Merkel And Feymann Discuss Migrants Crisis

Hat der Innenminister einen Plan in der Flüchtlingskrise? In den Ländern wächst die Kritik an de Maizières Krisenmanagement.

(Foto: Getty Images)
  • Die Ministerpräsidenten der Bundesländer werfen Thomas de Maizière mangelnde Organisation der Flüchtlingskrise vor.
  • Die Länderchefs kritisieren besonders die hohe Zahl offener Asylentscheidungen.
  • Die Regierung bemängelt ihrerseits das Verhalten der Länder.

Von Stefan Braun und Jens Schneider

Im Konflikt um die Bewältigung der Flüchtlingskrise wächst der Druck auf Innenminister Thomas de Maizière. Beim Gipfel der Bundeskanzlerin mit den Ministerpräsidenten am Dienstagabend hat es nach Informationen der Süddeutschen Zeitung massive Kritik am Krisenmanagement des Bundes und des politisch zuständigen Innenministers gegeben. So hätten prominente Länderchefs wie Hannelore Kraft (SPD) aus Nordrhein-Westfalen und Horst Seehofer (CSU) aus Bayern vor allem die fehlerhafte Organisation kritisiert.

Seehofer forderte, der Bund müsse endlich die Verteilung der Flüchtlinge übernehmen. Kraft und andere beklagten, dass die Asylentscheidungen noch immer viel zu lange dauerten und das Bundesamt für Migration und Flüchtlinge viel früher und umfassender auf die Flüchtlingskrise hätte reagieren müssen. Nach Teilnehmerberichten sind Kraft, Seehofer und der Berliner Regierende Bürgermeister Michael Müller (SPD) besonders deutlich aufgetreten, die Kritik aber haben alle geteilt.

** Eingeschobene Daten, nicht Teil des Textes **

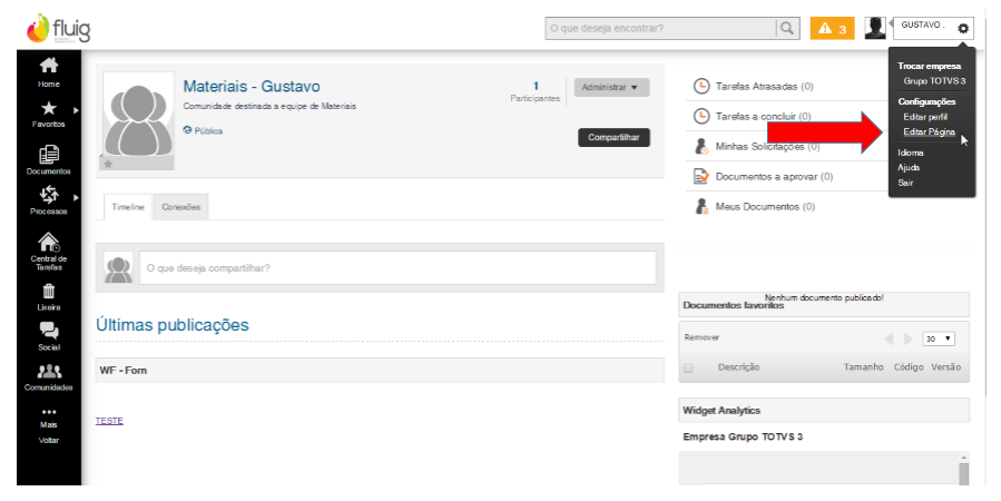 Acesse uma comunidade em que o usuário logado seja administrador e clique em 'Editar Página'

Die nicht entschiedenen Asylverfahren stapeln sich

Besonders verärgert sind die Länder in dieser Frage, weil schon beim ersten Flüchtlingsgipfel im Herbst 2014 zugesagt worden war, die Verfahrensdauer der Asylentscheide von damals sieben auf drei Monate zu senken. Derzeit liegt sie im Durchschnitt bei 5,3 Monaten. Gleichzeitig haben sich die Flüchtlingszahlen aber vervierfacht. Das Ergebnis: Die nicht entschiedenen Fälle stapeln sich, ihre Zahl liegt inzwischen schon bei knapp 300 000.

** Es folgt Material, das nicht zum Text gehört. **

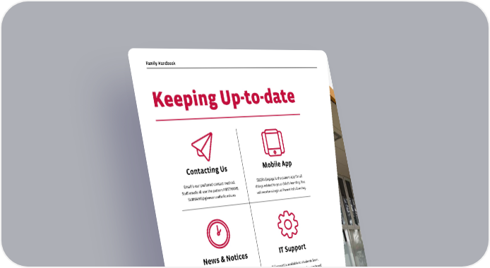 10 | gleeson.sa.edu.au Family Handbook Keeping Up-to-date Contacting Us Mobile App Social Media Email is our preferred contact method. Staff emails all use the pattern FIRSTNAME. [email protected] Direqt Messaging SEQTA does include a ‘direct messaging’ function for families and staff, however, please note there can be delays with direqt messages being received. IT Support IT Support is available to students from 8am to 4pm at the IT office in the courtyard. Students can also email ICT@ gleeson.catholic.edu.au SEQTA Engage is the parent app for all things related to your child’s learning. You will receive a login at Parent Info Evening. News & Notices Our fortnightly newsletter, The Globe, gives a snapshot into College life, and contains important updates and dates. Updates are also shared on our social media pages. Follow us through our social media: Facebook ... facebook.com/GleesonCollege Instagram ... instagram.com/gleeson_college/ Old Scholars ... facebook.com/gleesonoldscholars

Zusätzlichen Ärger löste offenbar auch eine Liste von Liegenschaften aus, die der Innenminister als Standorte für weitere Aufnahmezentren nannte. Wie es hieß, beklagten Kraft wie Seehofer, dass dort auch Orte aufgelistet seien, die längst genutzt würden. Außerdem habe de Maizière keine Antwort auf die Frage gehabt, mit welchem Personal die Einrichtungen betrieben werden sollten. Dies habe den Eindruck verstärkt, dass die Organisation trotz täglicher Schaltkonferenzen nicht gut laufe. Selbst CDU-Politiker beklagten hinterher, es sei dem Minister nicht gelungen, den Eindruck zu erzeugen, dass es einen der Aufgabe angemessenen Plan gebe.

Bund und Länder beschuldigen sich gegenseitig

Angesichts dieser scharfen Kritik wächst im Gegenzug auch in der Bundesregierung und im Bundesinnenministerium der Ärger über die Länder. Dass nun versucht werde, alle Probleme auf den Bund zu schieben, sei der Versuch, eigene Versäumnisse zu überdecken, hieß es in Regierungskreisen.

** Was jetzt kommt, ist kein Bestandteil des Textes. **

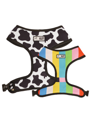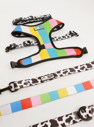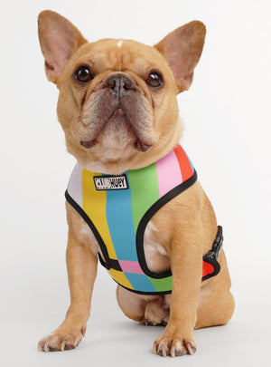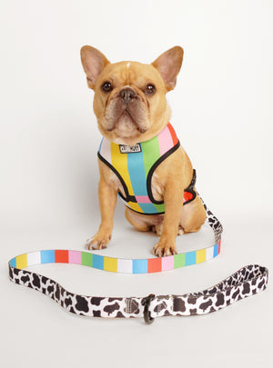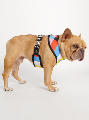 You might as well be walkin' on the sun with not one, but TWO fun harness prints. This harness is perfect for pups that like to switch up their style with minimal effort. It looks good and it moves well too: made from durable neoprene on both sides, this harness is water repellant and easy to care for (oh, and it just plain looks super cool too!)

Verwiesen wird darauf, dass zahlreiche Bundesländer sich lange Zeit geweigert hätten, abgelehnte Asylbewerber abzuschieben, während es ihnen jetzt nicht schnell genug gehen könne. Außerdem hätten auch manche Länder die Plätze in den Erstaufnahmeeinrichtungen lange Zeit nicht erhöht, sondern im Vergleich zu 2014 zunächst sogar verringert. Auch das habe erheblich zu den aktuellen Problemen beigetragen.